PROMPT: Everything from the line with "- Fell sick" through the last line of the data below should be copied exactly, apart from the pictures.

EXERCISE DATA:
--- START ---
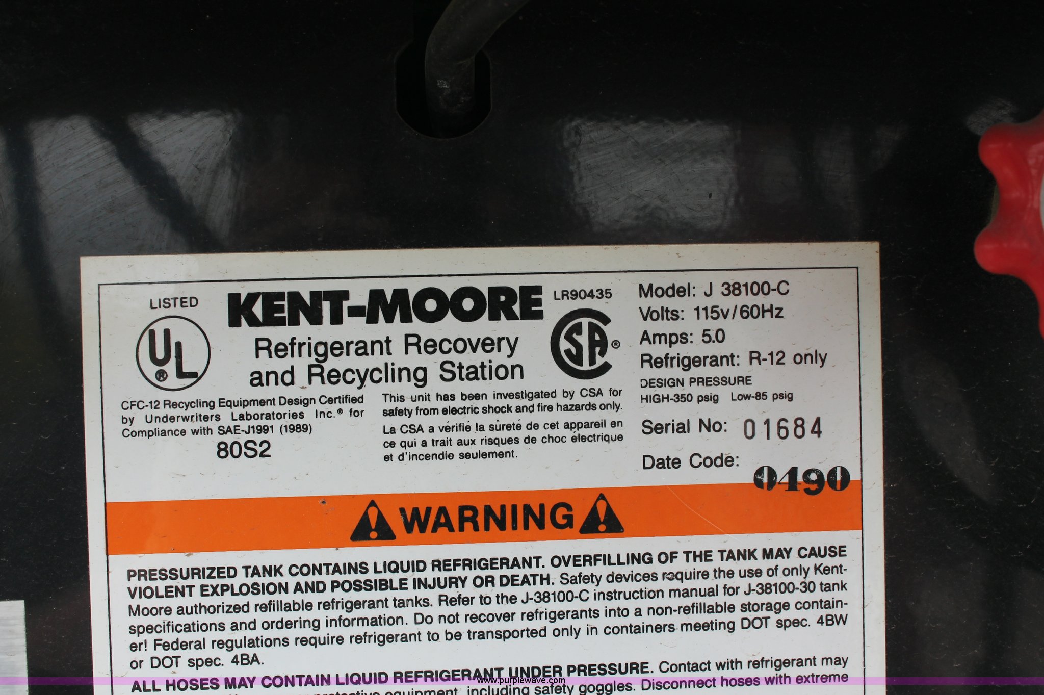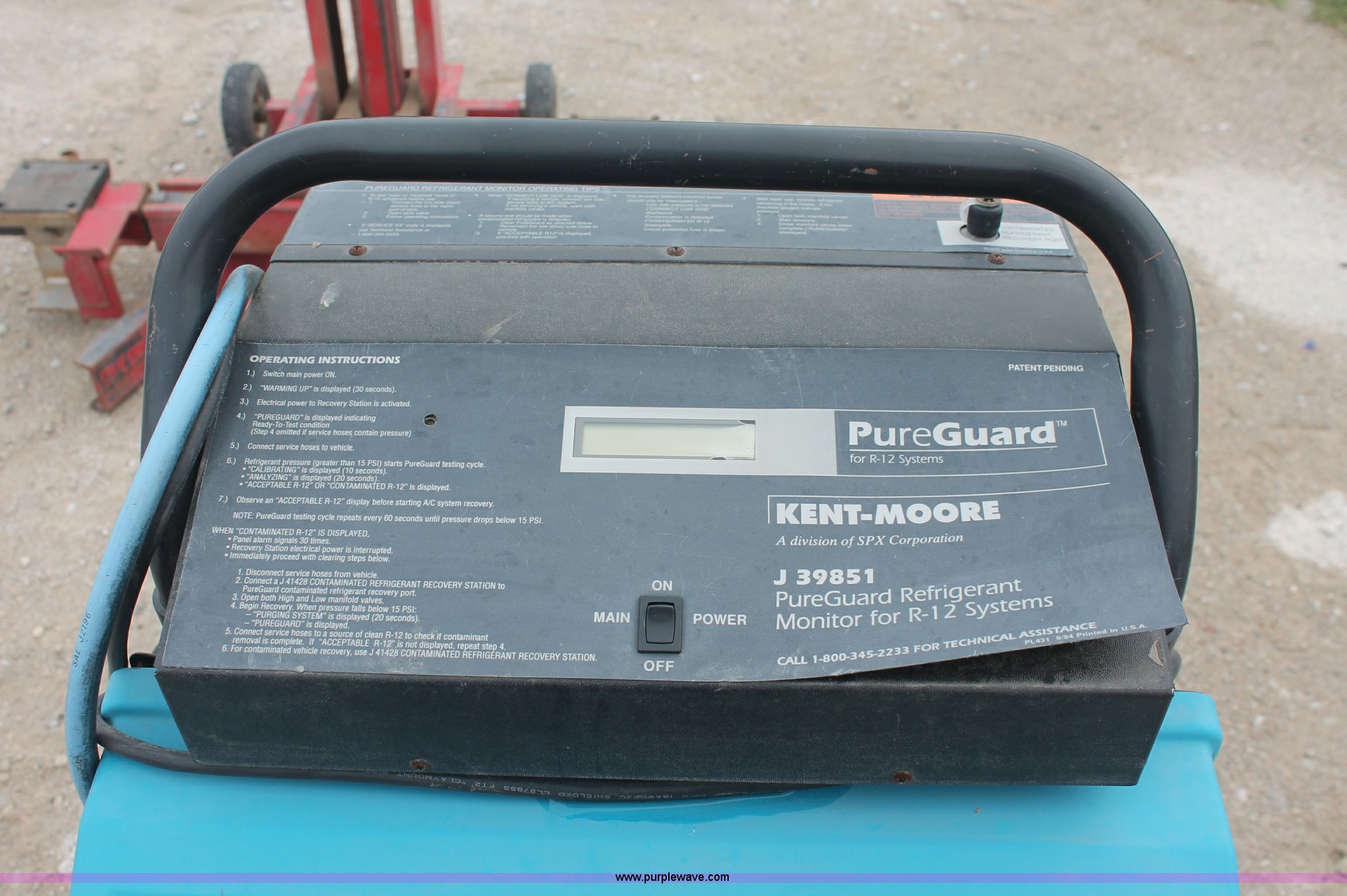 Kent-Moore air conditioning, refrigerant recovery, and recycling system. Kent-Moore J39851 Pureguard refrigerant monitor, 115V, Tank included, For R12 systems, Serial 01684. Shipping quotes available. 1204 Minneola Rd. Dodge City, KS 67801
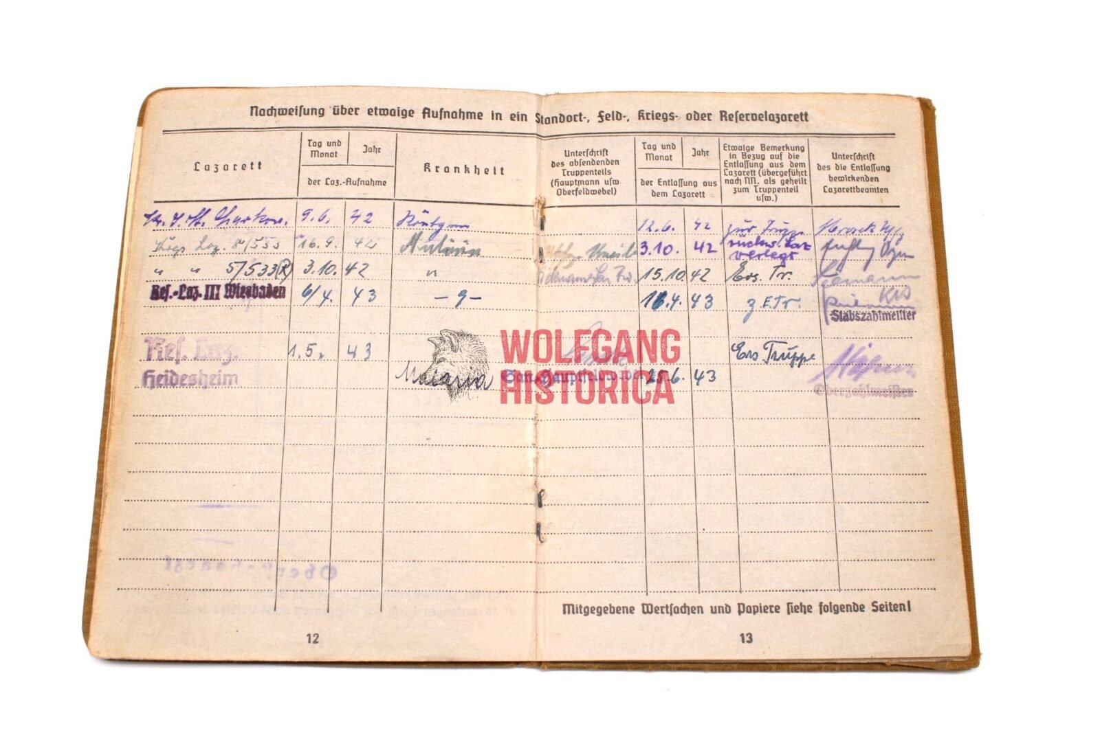 - Fell sick again in April 1943 with Malaria and send back to the Ersatztruppen after 10 days in Reserve-Lazarett III Wiesbaden.
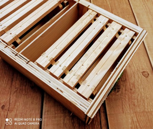 Zaletą tego ulika jest to, że po sezonie ramki możemy przełożyć do korpusu nadstawkowego wielkopolskiego. Wystarczy w korpus włożyć kawałek listewki stanowiący podparcie dla ramek 1/4.
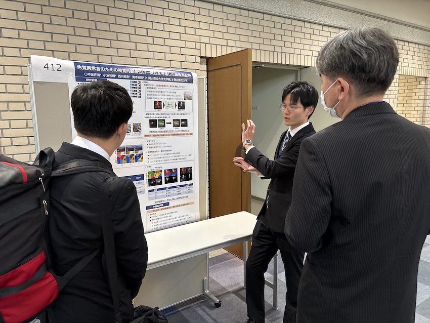 2025年11月29日,関西大学で開催された 日本福祉工学会 第29回学術講演会 にてM2 小池さんが"室内での見守り実現に向けた全方位画像に対する複数人物追跡の高精度化",M1 中釜さんが"色覚異常者のための視覚的顕著性の一貫性を考慮した画像再配色"という題目でそれぞれ発表を行いました。
--- END ---
RESPONSE TO THIS TASK:
 - Fell sick again in April 1943 with Malaria and send back to the Ersatztruppen after 10 days in Reserve-Lazarett III Wiesbaden.
 Zaletą tego ulika jest to, że po sezonie ramki możemy przełożyć do korpusu nadstawkowego wielkopolskiego. Wystarczy w korpus włożyć kawałek listewki stanowiący podparcie dla ramek 1/4.
 2025年11月29日,関西大学で開催された 日本福祉工学会 第29回学術講演会 にてM2 小池さんが"室内での見守り実現に向けた全方位画像に対する複数人物追跡の高精度化",M1 中釜さんが"色覚異常者のための視覚的顕著性の一貫性を考慮した画像再配色"という題目でそれぞれ発表を行いました。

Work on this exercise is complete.